Петавава-Лодж была окутана тяжким послеполуденным маревом. Я обогнул мыс и вошел в заливчик. Далекие призрачные молнии озаряли брюхо облачной гряды, будто светлячки в бутылке из дымчатого стекла. На причале никого не было, только разнокалиберные лодки терлись бортами о резиновые бамперы, приколоченные к пирсу гвоздями. Я зачалил свою лодку и отнес в сарайчик весла. На пляже валялись надутая автомобильная камера, детские ведерко и совок. Налетевший ветер погнал на дорогу пыль и принялся играть с веревкой, на которой сушились полотенца и купальники.
Усадьба состояла из двух построек средних размеров и полудюжины маленьких хижин, разбросанных под пологом леса у самой кромки воды. Большой бревенчатый сруб возле хижины Джоан Харбисон назывался флигелем. Здесь размещались контора Джоан и нечто вроде кают-компании. Длинное приземистое здание, по которому то и дело пробегали тени колеблемых ветром крон берез, изрядно смахивало на барак или какой-нибудь первобытный мотель и стояло параллельно дороге. Оно состояло из четырех соединенных вместе коттеджей. Жилье для бедных по-алгонкински. Прибавьте ко всему этому два покосившихся газовых насоса и электрогенератор, и у вас получится Петавава-Лодж.
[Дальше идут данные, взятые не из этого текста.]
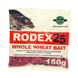Rodex 25 Whole Wheat Bait 150g for the control of mice and rats. Rodex 25 Whole Wheat Bait is a ready-for-use bait formulated using food grade micronised (high temperature treated) wheat. Should be used in tamper proof bait boxes. Contains bromadiolone 0.0025% and denatonium benzoate 0.001%.
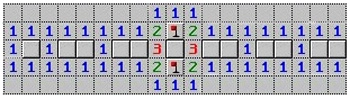 从简单雷区开始尝试吧!下面这张图展示的是一个初级难度的雷区,其中已经标明了两颗地雷的位置,你能否把剩余的地雷都探测出来呢?
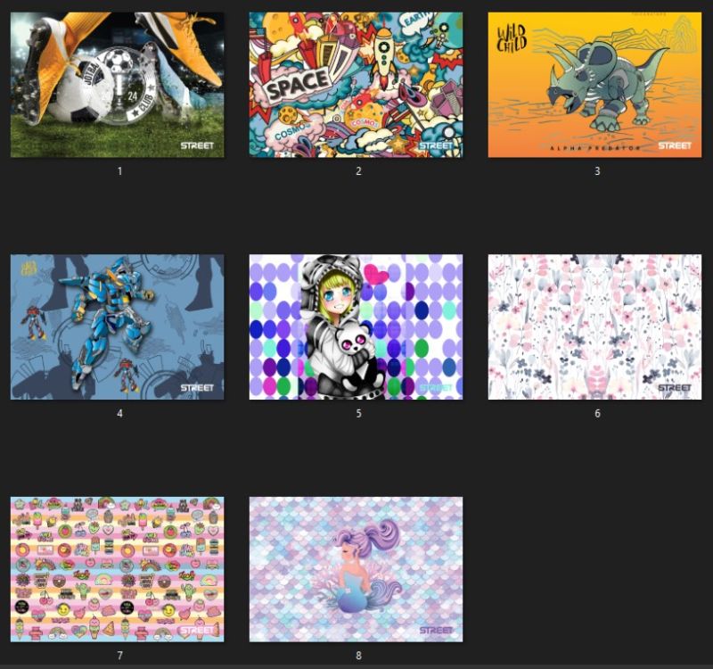148 х 210 mm. Цветни хром хартии - златен бронз, сребърен бронз, червен, оранжев, жълт, зелен, син, кафяв, черен, розов
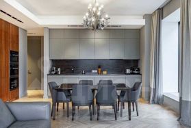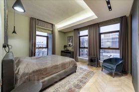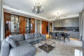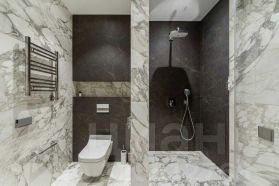 В квартире выполнена премиальная отделка с использованием натуральных материалов. Установлена мебель, техника и сантехника от ведущих мировых брендов.
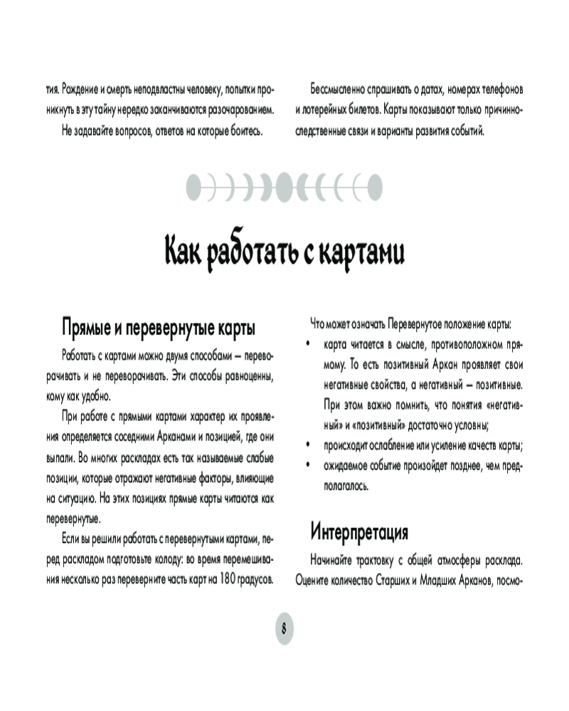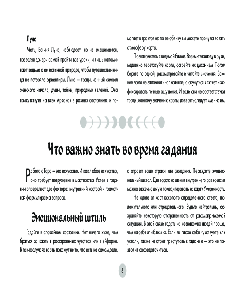 Особенность колоды в том, что в дополнение к классической символике и значениям Уэйта каждой карте Старших Арканов соответствует та или иная Полная Луна, которая усиливает энергетику карты.
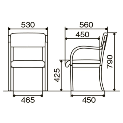 - 背座:PVCレザー、ウレタンフォーム、合板・脚:積層合板、NC塗装
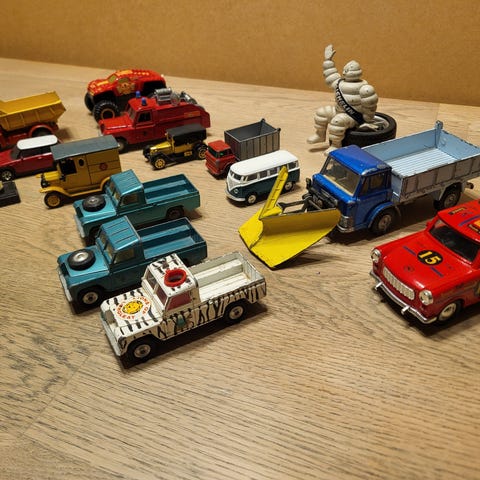 2 stk. 1:12 i træ. 1 stk.. 1:18 , 1 stk. 1:24 , 2 stk. Skilte. Og bil samle sæt 1 stk. Det hele 300 kr.
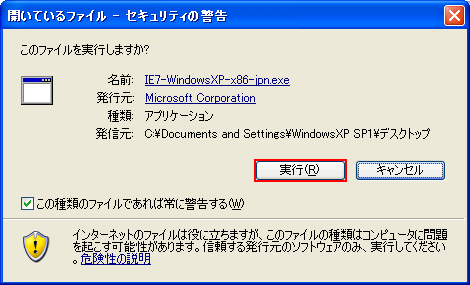 ■ 「開いているファイル - セキュリティの警告」画面が表示されましたら、「実行(R)」ボタンをクリックします。
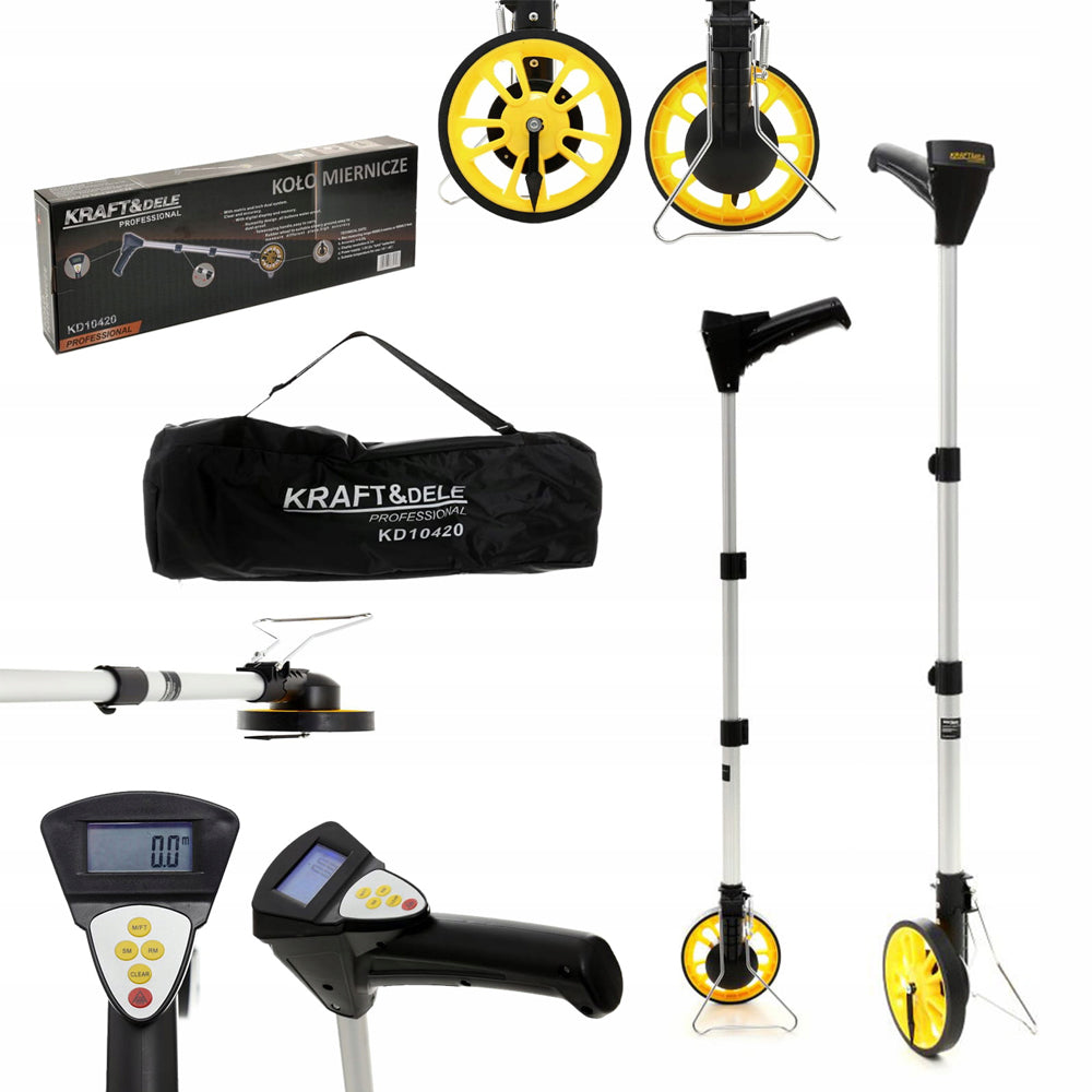 Roata de masurare echipata cu sistem electronic de masurare a distantei. Masurarea se face prin rularea rotii pe o suprafata plana, care porneste contorul electronic. Rezultatul masurarii este afisat sub forma de numere pe afisajul LCD. Piciorul metalic va permite sa plasati dispozitivul in pozitie verticala. Este un aparat care este utilizat pe scara larga in masuratori pe teren, pe drumuri, in constructii, masuratori de locuinte si gradina, suprafete de drumuri publice, terenuri de sport, instalarea stalpilor de curent, la plantarea copacilor etc.
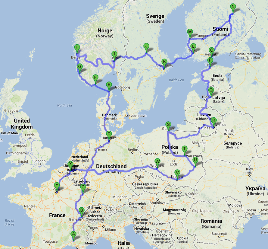 peu sur les Pays Baltes et la Pologne. Du coup ce n'est pas un tour de Scandinavie, mais en gros celui de la Mer Baltique. Vous êtes prêts, casque attaché, c'est parti...
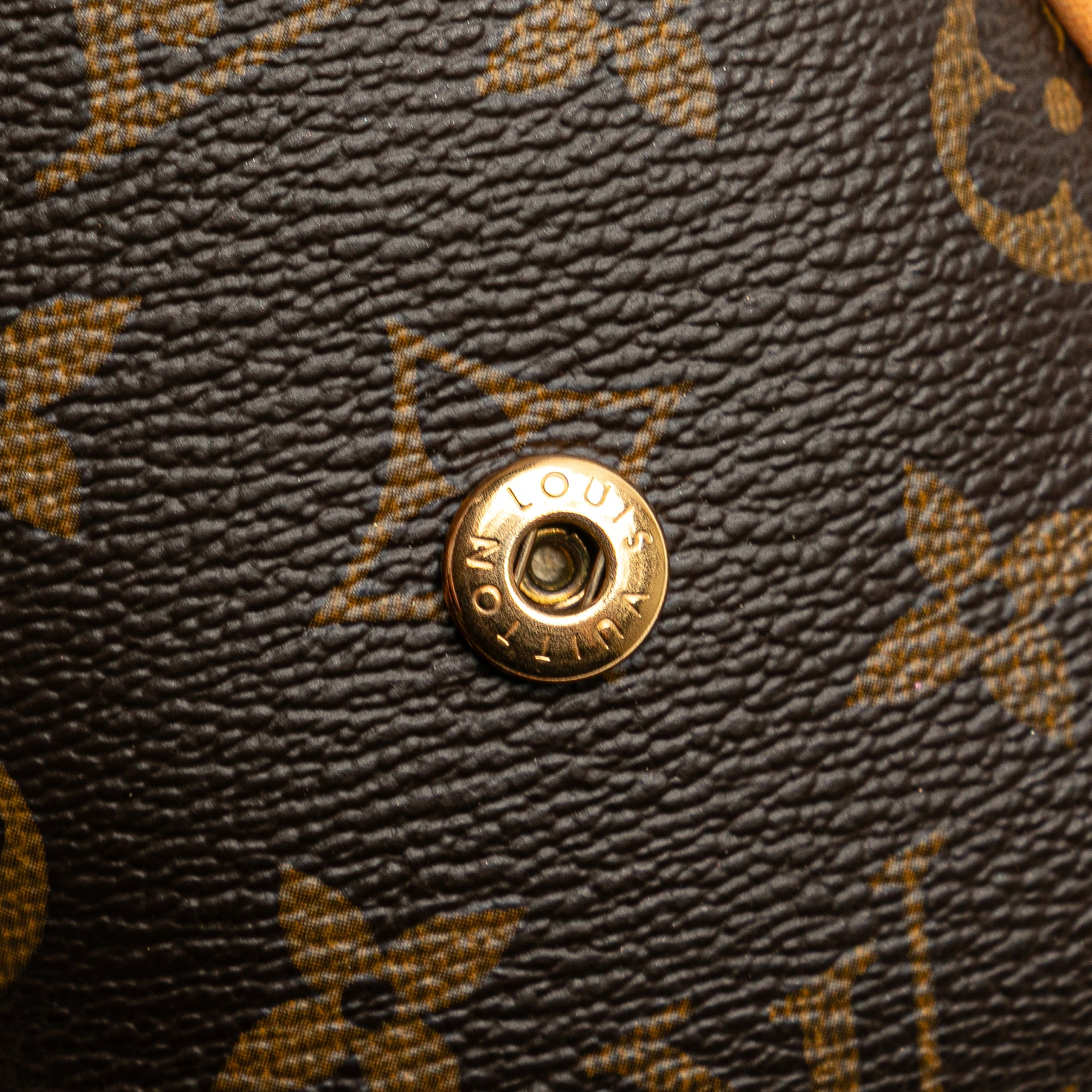 The Cancun features a monogram canvas body with vachetta leather trim, a flat vachetta leather strap, and a top flap with snap button closure. Retail Price: 825.00
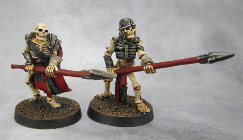 I picked up this pair of Skeleton Spearmen recently via eBay, paired with some Rackham Ghouls. They were reasonably priced and looked nice enough, and I was buying other stuff from the same seller, and I’m building an undead army, so why not?
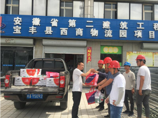 河南宝丰持续高温天气,为了确保建筑工人的身体健康,6月4日,宝丰县西商农产品(冷链)物流园有限公司副总经理黄盱为在炎炎夏日辛勤工作的项目管理人员以及一线班组送去了丝丝清凉。

Я вошел в темный домик и прикрыл за собой забранную сеткой дверь. Включить свет я не мог: Джоан ещё не запустила генератор. Я снял с крюка над головой керосиновую лампу и попытался запалить её, когда вдруг разверзлись небеса. Можно было подумать мы чем-то прогневили их: дождь забарабанил по дощатой хибаре, прибил к земле петунии, росшие возле доски объявлений, и принялся стучаться в проволочные двери и окна. Он поднимал на озере волны и выписывал узоры вокруг Первого острова, который был едва виден на фоне окутанного дымкой дальнего берега. Дождь сек борта зачаленных возле дома лодок. Казалось, на небесах засел сумасшедший пулеметчик. Похоже, ему особенно не нравился брезент, которым был покрыт катер в конце причала: белая пена так и рикошетила от чехла во все стороны. Крыше моего домика тоже досталось, но в темноте я не видел, появилась ли на кровати лужа. Сквозь залитое водой окно я разглядел Джоан Харбисон; она остановила свою красную "хонду", вытащила коробку со снедью и захлопнула заднюю дверцу плечом, после чего потащила свой короб по дощатому настилу; с её древней соломенной шляпы текла вода. В коробе Джоан, должно быть, лежала и моя фляга с молоком, но я решил подождать, пока не распогодится. Гремел гром, серебряные ложки в банке на столе звенели, сквозь щели между неплотно закрытыми ставнями виднелись сполохи молний. Я запалил свечу, уставился на мокрую сетку двери и принялся размышлять, что мне делать дальше. Кроме меня, единственным живым существом в хижине была муха, упорно и тщетно боровшаяся за жизнь на конце липучки.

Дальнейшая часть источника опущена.